The significance of the Klaveness case is that it involves judicial consideration of the circumstances in which the parties are able to alter or suspend the operation of the terms of the FFA contracts without the need for this to be in writing.
Specifically, it recognises that: (i) the parties are able to suspend the operation of a Settlement sum through a collateral oral contract notwithstanding the requirement at section 9(b) of the ISDA Master Agreement that any "amendment, modification or waiver" be in writing; and (ii) that the parties are able to agree to set-off sums from different calendar months under a collateral oral contract notwithstanding the requirement of clause 8(b) of the FFA contract that the agreement to set-off must be in writing.
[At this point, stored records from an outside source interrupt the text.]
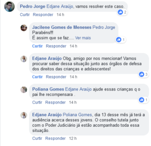 Segundo Edjane, dia 13 terá a audiência para tratar sobre a situação dos garotos. “O Conselho Tutelar junto com o Poder Judiciário já acompanham toda essa situação”, destacou. Ela também enfatizou que procurará saber da situação junto aos órgãos de defesa dos direitos das crianças e dos adolescentes.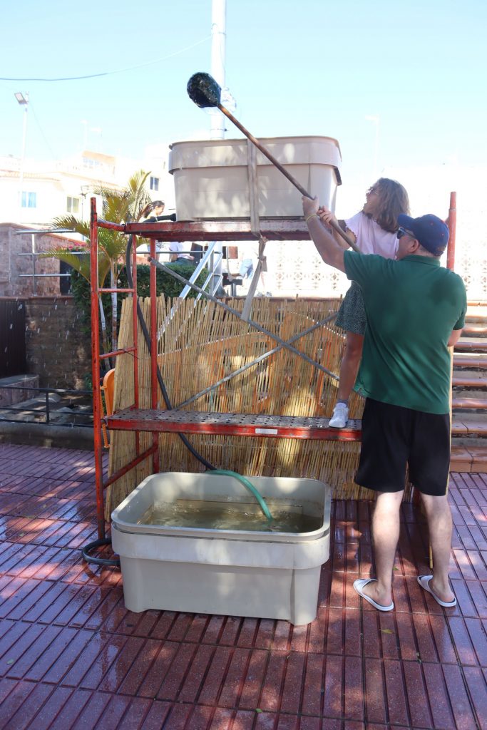 En la Plaza de la Candelaria se acomodó el barquillo de madera Gran Canaria, recuperado este año por los alumnos del curso Técnico Deportivo de Vela del CIFP Felo Monzón Grau-Bassas de la capital grancanaria, y los visitantes pudieron experimentar una experiencia inmersiva a través de gafas 3D de una regata a bordo de una de estas embarcaciones consideradas como la vela chica de la vela canaria.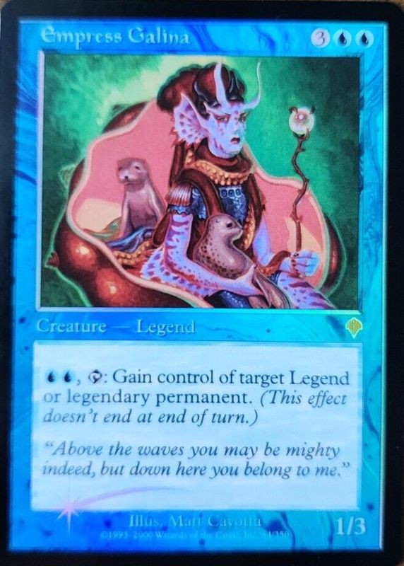 The Empress Galina 2000 Invasion #54 Foil card in Raw TCG (Lightly Played) condition has not changed in price in the last 30 days and was last sold for $39.00 .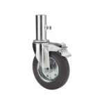 La serie de ruedas Alex Twin Lex serie 310 son ruedas de goma gris inyectada, indicadas para soportar cargas de hasta 80 Kg. Se utilizan en supermercados, expositores, muebles, cajas apilables, taburetes, vitrinas, percheros, carros de hostelería, útiles para hospitales, mobiliario clínico sanitario y goteros.. TWIN-LEX 310: No rallan el suelo, silenciosas y no dejan huella.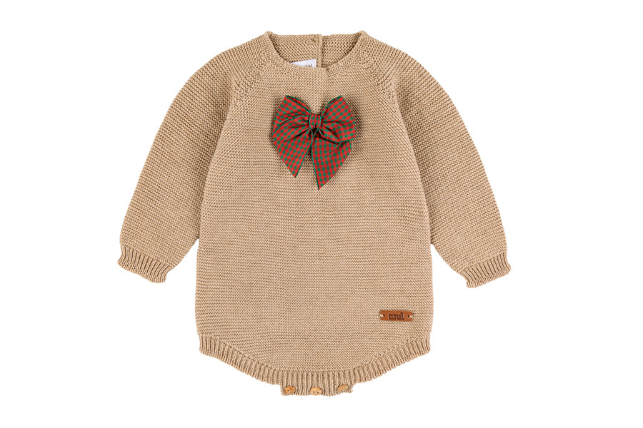 Tutina in maglia a coste con bottoni sul fondo e fiocco natalizio a quadretti sul petto.

The case is also significant in that it recognises the effect of equity, and in particular the principle of forbearance, on the parties' obligations under the FFA/ISDA contractual regime.
It is anticipated that both the Klaveness case and the Marine Trade case will provide invaluable assistance and guidance to commercial parties trading on the standard form FFA contract and ISDA Master Agreement on the meaning and effect of those terms.
Aside from its importance to ISDA-using commercial parties, the Klaveness case is of importance on a more general point of legal principle. Christopher Clarke J decided that despite section 9(b), which provided that "No amendment, modification or waiver in respect of this Agreement will be effective unless in writing", a collateral oral contract had the effect of altering the agreement between the parties. The only prior caselaw on this issue was an unreported Court of Appeal decision in relation to a summary judgment application: I-Way Ltd v World Online Telecom UK Ltd [2002] EWCA Civ 413. The Klaveness case provides clarity and guidance on this issue.